Kilmer McCully, M.D. - Infections and Vulnerable Plaques - 2 of 2

kilmer__134By Kilmer McCully, M.D.

Homocysteine participates in the aggregation of lipoproteins by reacting with the protein to form cross-linkages, leading to aggregation, spontaneous precipitation and phagocytosis by macrophages to form foam cells. Thus in persons with elevated homocysteine levels, there is an increased ability of lipoproteins to form aggregates, leading to foam cell formation from macrophages by phagocytosis.

In addition, lipoproteins containing homocysteine have altered antigenic structure, leading to the formation of antibodies that complex with lipoproteins. A similar process has been identified with lipoproteins within foam cells, since oxidation reactions create modified or oxidized lipoproteins that incite autoantibody formation. In the presence of invading micro-organisms, the complexes with lipoproteins theoretically become enlarged and subject to precipitation and phagocytosis by macrophages.

This leads to the concept of the creation of vulnerable plaques within arteries. In the case of a massive invasion of micro-organisms, or when the immune system is impaired, the complexes of micro-organisms with lipoproteins, enhanced by the effect of excess homocysteine, obstruct the vasa vasorum, the small arterioles, venules and capillaries that normally nourish the wall of the artery.

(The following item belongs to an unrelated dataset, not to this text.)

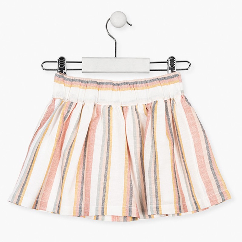 Spódnica lniana dla dzieci w paski z kieszonkami dla dziewczynek Losan z kolekcji wiosna-lato kod produktu 116-7062AL kolor 718 Różowy. Ubranka dziecięce.

Obstruction of the blood flow causes ischemia of the artery wall ( lack of blood supply ), increasing the tendency to cell death and rupture of the capillaries. These large complexes are phagocytosed by macrophages to form foam cells that accumulate, initially in the adventitia, but then migrating into the intima, where lipoproteins, inflammatory cells, and lipid deposits, including cholesterol, accumulate.

This process is probably increased and enhanced in cases where autoantibodies are formed to homocysteinylated lipoproteins and oxidized lipoproteins. The result is a vulnerable plaque that by rupturing causes thrombosis, obstruction of the arterial lumen, and death of the heart, brain, kidney or other tissue supplied by the artery.

The vasa vasorum are functionally end arteries, since flow ceases at the point where the pressure within these blood vessels is opposed by the pressure within the arterial lumen. Thus, the process of plaque formation is potentially enhanced in areas of increased blood pressure, such as disrupted laminar flow, turbulence, angulation of arterial lumen, and increased systemic pressure. In fact, these are the areas in the arteries where vulnerable plaques are most commonly observed.

One can readily understand that this interpretation explains many of the observations about vulnerable plaques and the pathophysiological processes found in vascular disease.

It explains how risk factors, such as stress, B vitamin deficiency, elevated blood pressure, smoking, and kidney failure lead to increased disease risk through formation of homocysteinylated lipoprotein aggregates. It explains the resistance of persons with elevated lipoprotein levels to infectious diseases. It explains how cholesterol becomes deposited in plaques. It explains the inflammatory process and the release of inflammatory cytokines, C-reactive protein, fever, leukocytosis, and the frequent occurrence of bacteriemia and sepsis in myocardial infarction complicated by shock. It explains the observation of microbial remnants in plaques. And it explains the inflammatory nature of cardiovascular disease.

Suggestions for prevention and therapy of vascular disease readily follow from this interpretation of the origin of vulnerable plaques. Risk factors that lead to elevated homocysteine levels need to be addressed by smoking cessation, dietary B vitamins, stress reduction, and control of diabetes and hypertension. The immune system needs to be enhanced by intake of vitamin A, vitamin D, pyridoxine ( vitamin B6 ), and other factors that are needed for proper immune function.

Appropriate antibiotic therapy is needed in heart attack and stroke patients that have evidence of active infection. Dietary improvement is needed to supply the nutrients that are needed to minimize homocysteine elevation and to support anti-oxidant function. Attempts to prevent cardiovascular disease and prolong life may be more successful by understanding the fallacies of the "diet-heart" hypothesis and determining what is harmful to the immune system and what may strengthen it.

Kilmer S. McCully, M.D.
Chief, Pathology and Laboratory Medicine Service
West Roxbury Veterans Affairs Medical Center

June 2009

Infections and Vulnerable Plaques - Pt.1 of 2

Keys A. Coronary heart disease - The global picture. Atherosclerosis 1975;22:149-192.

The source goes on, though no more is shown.